--- Work instruction ---
Lines from the top of the entries through the line that has "夏:× 秋:◎ 冬:△ーーーーーーーーーーーーーーーーーーーーーーmodel:H156" must be duplicated exactly, and no others.

****************

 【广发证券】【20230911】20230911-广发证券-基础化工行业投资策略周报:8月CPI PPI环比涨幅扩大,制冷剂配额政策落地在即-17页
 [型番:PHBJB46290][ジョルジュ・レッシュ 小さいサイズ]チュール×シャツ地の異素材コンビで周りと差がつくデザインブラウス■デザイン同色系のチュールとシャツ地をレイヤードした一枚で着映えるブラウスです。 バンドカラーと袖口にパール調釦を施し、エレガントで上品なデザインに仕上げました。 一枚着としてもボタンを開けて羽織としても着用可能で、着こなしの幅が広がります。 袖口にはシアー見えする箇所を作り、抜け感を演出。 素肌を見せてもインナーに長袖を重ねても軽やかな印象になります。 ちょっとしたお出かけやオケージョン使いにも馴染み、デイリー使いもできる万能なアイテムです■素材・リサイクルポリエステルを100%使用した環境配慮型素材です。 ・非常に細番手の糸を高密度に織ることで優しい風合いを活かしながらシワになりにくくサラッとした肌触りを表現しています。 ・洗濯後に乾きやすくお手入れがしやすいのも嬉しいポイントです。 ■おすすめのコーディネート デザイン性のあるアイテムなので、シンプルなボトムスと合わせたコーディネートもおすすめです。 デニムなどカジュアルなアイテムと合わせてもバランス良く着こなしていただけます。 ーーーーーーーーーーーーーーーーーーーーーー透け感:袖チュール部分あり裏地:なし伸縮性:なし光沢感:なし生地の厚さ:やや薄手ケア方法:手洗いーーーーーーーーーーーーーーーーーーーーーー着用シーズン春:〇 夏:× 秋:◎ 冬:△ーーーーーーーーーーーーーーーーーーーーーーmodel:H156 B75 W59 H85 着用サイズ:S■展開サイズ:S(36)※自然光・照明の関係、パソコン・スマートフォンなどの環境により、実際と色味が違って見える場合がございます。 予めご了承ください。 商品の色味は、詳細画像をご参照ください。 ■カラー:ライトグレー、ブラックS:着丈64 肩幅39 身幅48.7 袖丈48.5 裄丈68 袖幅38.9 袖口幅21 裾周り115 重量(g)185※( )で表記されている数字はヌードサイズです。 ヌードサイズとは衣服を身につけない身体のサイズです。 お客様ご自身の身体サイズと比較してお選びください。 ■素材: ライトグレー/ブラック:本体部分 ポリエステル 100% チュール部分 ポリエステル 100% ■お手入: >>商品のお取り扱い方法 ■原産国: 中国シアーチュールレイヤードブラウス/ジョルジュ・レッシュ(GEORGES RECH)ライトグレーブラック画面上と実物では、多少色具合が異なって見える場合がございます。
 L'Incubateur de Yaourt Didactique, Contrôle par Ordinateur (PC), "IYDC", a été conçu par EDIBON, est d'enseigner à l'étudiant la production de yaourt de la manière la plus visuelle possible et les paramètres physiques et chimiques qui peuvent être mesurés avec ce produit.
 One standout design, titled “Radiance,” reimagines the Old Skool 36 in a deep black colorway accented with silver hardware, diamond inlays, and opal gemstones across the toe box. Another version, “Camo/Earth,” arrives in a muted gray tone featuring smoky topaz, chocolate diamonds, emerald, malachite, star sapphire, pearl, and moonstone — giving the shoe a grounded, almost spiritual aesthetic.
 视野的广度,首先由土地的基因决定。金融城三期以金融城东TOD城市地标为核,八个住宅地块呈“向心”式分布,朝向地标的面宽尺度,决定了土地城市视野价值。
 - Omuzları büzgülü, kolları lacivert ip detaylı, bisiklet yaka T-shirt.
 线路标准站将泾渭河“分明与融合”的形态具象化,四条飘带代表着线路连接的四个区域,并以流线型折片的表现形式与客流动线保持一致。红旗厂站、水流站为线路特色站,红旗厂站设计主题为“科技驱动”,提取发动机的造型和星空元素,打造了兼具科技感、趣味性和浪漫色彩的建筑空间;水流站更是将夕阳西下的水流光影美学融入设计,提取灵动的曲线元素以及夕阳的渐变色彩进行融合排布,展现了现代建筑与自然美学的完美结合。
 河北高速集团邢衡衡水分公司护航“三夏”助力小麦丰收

****************

--- The answer ---
 【广发证券】【20230911】20230911-广发证券-基础化工行业投资策略周报:8月CPI PPI环比涨幅扩大,制冷剂配额政策落地在即-17页
 [型番:PHBJB46290][ジョルジュ・レッシュ 小さいサイズ]チュール×シャツ地の異素材コンビで周りと差がつくデザインブラウス■デザイン同色系のチュールとシャツ地をレイヤードした一枚で着映えるブラウスです。 バンドカラーと袖口にパール調釦を施し、エレガントで上品なデザインに仕上げました。 一枚着としてもボタンを開けて羽織としても着用可能で、着こなしの幅が広がります。 袖口にはシアー見えする箇所を作り、抜け感を演出。 素肌を見せてもインナーに長袖を重ねても軽やかな印象になります。 ちょっとしたお出かけやオケージョン使いにも馴染み、デイリー使いもできる万能なアイテムです■素材・リサイクルポリエステルを100%使用した環境配慮型素材です。 ・非常に細番手の糸を高密度に織ることで優しい風合いを活かしながらシワになりにくくサラッとした肌触りを表現しています。 ・洗濯後に乾きやすくお手入れがしやすいのも嬉しいポイントです。 ■おすすめのコーディネート デザイン性のあるアイテムなので、シンプルなボトムスと合わせたコーディネートもおすすめです。 デニムなどカジュアルなアイテムと合わせてもバランス良く着こなしていただけます。 ーーーーーーーーーーーーーーーーーーーーーー透け感:袖チュール部分あり裏地:なし伸縮性:なし光沢感:なし生地の厚さ:やや薄手ケア方法:手洗いーーーーーーーーーーーーーーーーーーーーーー着用シーズン春:〇 夏:× 秋:◎ 冬:△ーーーーーーーーーーーーーーーーーーーーーーmodel:H156 B75 W59 H85 着用サイズ:S■展開サイズ:S(36)※自然光・照明の関係、パソコン・スマートフォンなどの環境により、実際と色味が違って見える場合がございます。 予めご了承ください。 商品の色味は、詳細画像をご参照ください。 ■カラー:ライトグレー、ブラックS:着丈64 肩幅39 身幅48.7 袖丈48.5 裄丈68 袖幅38.9 袖口幅21 裾周り115 重量(g)185※( )で表記されている数字はヌードサイズです。 ヌードサイズとは衣服を身につけない身体のサイズです。 お客様ご自身の身体サイズと比較してお選びください。 ■素材: ライトグレー/ブラック:本体部分 ポリエステル 100% チュール部分 ポリエステル 100% ■お手入: >>商品のお取り扱い方法 ■原産国: 中国シアーチュールレイヤードブラウス/ジョルジュ・レッシュ(GEORGES RECH)ライトグレーブラック画面上と実物では、多少色具合が異なって見える場合がございます。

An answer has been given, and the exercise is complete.